The patients were able to stop taking the drugs, stay healthy, and the virus stayed at low levels. Tests of their blood showed nothing really unusual, but the virus did not seem to be attacking the immune system cells, called CD4 T-cells, that it usually infects.

If a patient is able to stop taking drugs, doctors call it a "functional cure," even though the virus is still in the body and might come back years later.

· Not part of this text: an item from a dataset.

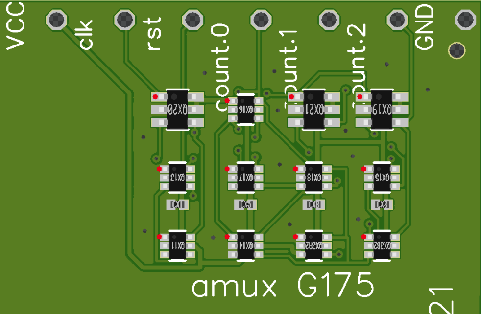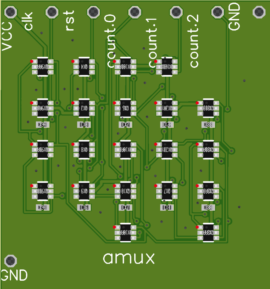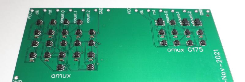 Next try at analog multiplexer logic: In addition to fixing the bug in the latch, I also added a few optimizations to the logic style: DFF are now taking only 4 amux and I introduced a few additional gate types (ANDN2, ORN2) that helped to reduced logic complexity. As a result, the counter now only takes 21 amux ICs, instead of 26 before. Furthermore, decoupling capacitors are automotically inserted now.

“Our results show that early and prolonged (drug therapy) may allow some individuals with a rather unfavorable background to achieve long-term infection control and may have important implications in the search for a functional HIV cure,” the researchers wrote.

Only about 5 percent to 15 percent of patients who get quick treatment are able to control the virus this way, the researchers estimated. Everyone else starts getting signs of infection again when they stop taking the drugs. In these 14 patients, the immune system did not appear to be controlling the virus in the same way as the so-called elite controllers, the 1 percent of people who can do it naturally.

It's possible early treatment prevented the virus from hiding out in long-lived immune cells called viral reservoirs, they said.

“However, it remains unclear why only a limited fraction of patients is able to control the infection after therapy interruption,” the researchers wrote.

Doctors once recommended that patients with HIV not start treatment until they “needed” it – when the virus reached certain levels in the blood, or when the immune system showed a certain level of damage. Now that it’s clear that immediate treatment can keep patients healthier and stop them from infecting someone else, U.S. guidelines say all patients diagnosed with HIV should be treated.